Thursday 27 October 2016

But more needs to be done to achieve the goal of limiting global temperature rise to 1.5°C

Ssolar photovoltaics account for 49 GW of the added renewable energy capacity (CC)

The International Energy Agency has termed 2015 as the “year of records for renewable electricity” in its recently released market report. Renewable energy accounted for over half the total capacity addition for electricity generation worldwide during the year.

Annual renewable electricity capacity growth reached 153 gigawatts (GW), with onshore wind energy accounting for 63 GW and solar photovoltaics (PV) contributing 49 GW.

Global renewable electricity capacity is expected to grow further by 42 per cent (or 825 GW) by 2021. The report suggests that with sustained policy support and technology progress and expanding market, onshore wind generation costs will decrease by a 15 per cent by 2021 and while utility-scale solar PV costs will decline by a quarter.

These expected improvements are cited to policy changes and improved market prospects in four key countries including USA, China, India and Mexico. “In India an improved policy environment, competitive tenders and decreasing generation costs are major drivers for the more optimistic solar PV outlook,” the report says. The coutry’s solar PV capacity is forecast to grow eight-fold supported by ambitious government targets, as per the report. Contract prices have already declined by a factor of two since 2014 in India.

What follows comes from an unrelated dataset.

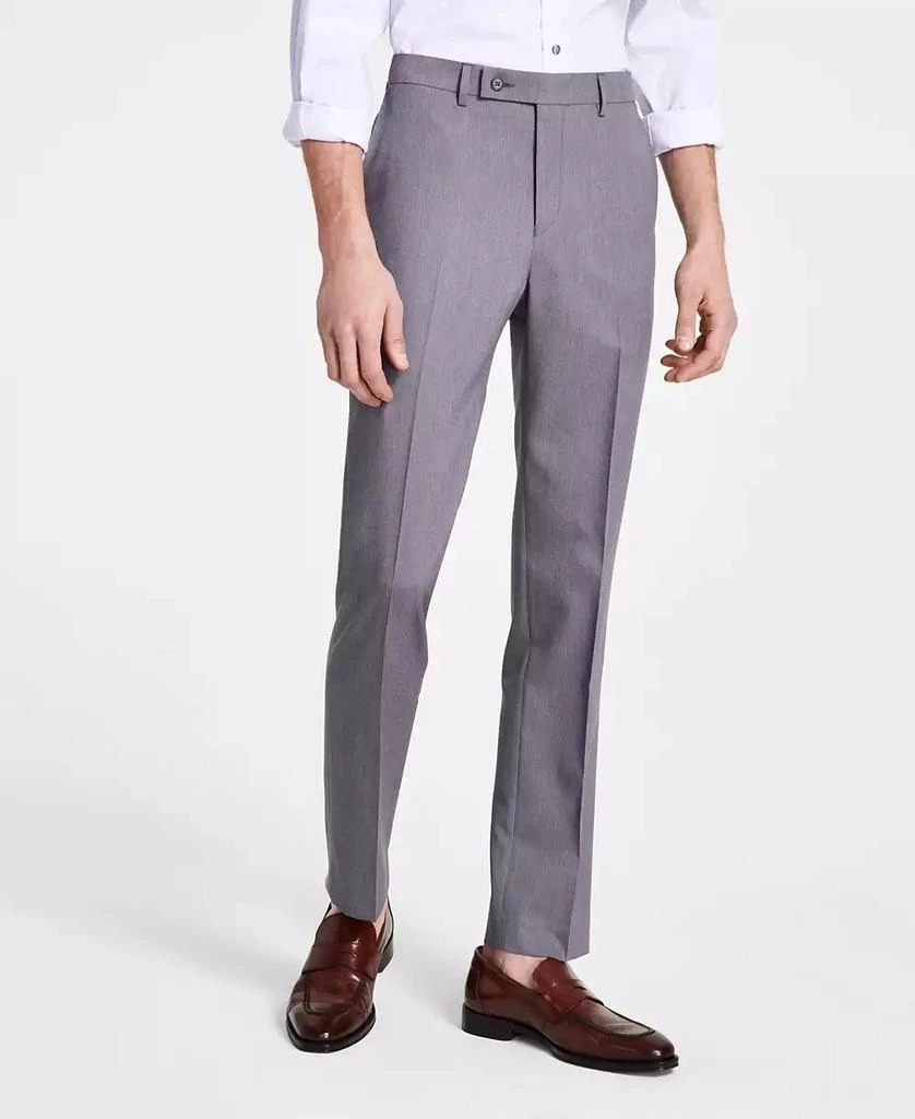 DKNY Dario Dress Pants Men's 38x32 Grey Modern-Fit Solid Stretch Flat Front

The share of renewables in overall electricity generation will rise from 23 per cent in 2015 to almost 28 per cent in 2021, suggests the report. This means, 60 per cent of the growth in world’s energy generation capacity in this period will come from renewable. Significant growth in renewables will accelerate de-carbonisation in developed countries, where demand for additional electricity is limited. In many emerging markets such as those in China, India and the Association of Southeast Asian Nations (ASEAN) where power demand is expected to continue to grow significantly, renewables are anticipated to meet only a portion of new generation growth.

Even though the report reflects positive results, more investment in the energy sector may be needed to meet climate goals. The projections for onshore wind and solar PV deployment are in line with the long term goal of limiting global temperature rise to 2°C. However, to meet the objective of the Paris Agreement—to limit temperature rise to 1.5°C—stronger decarbonisation rates and accelerated penetration of renewables in power, transport and heat sectors is needed, the report says.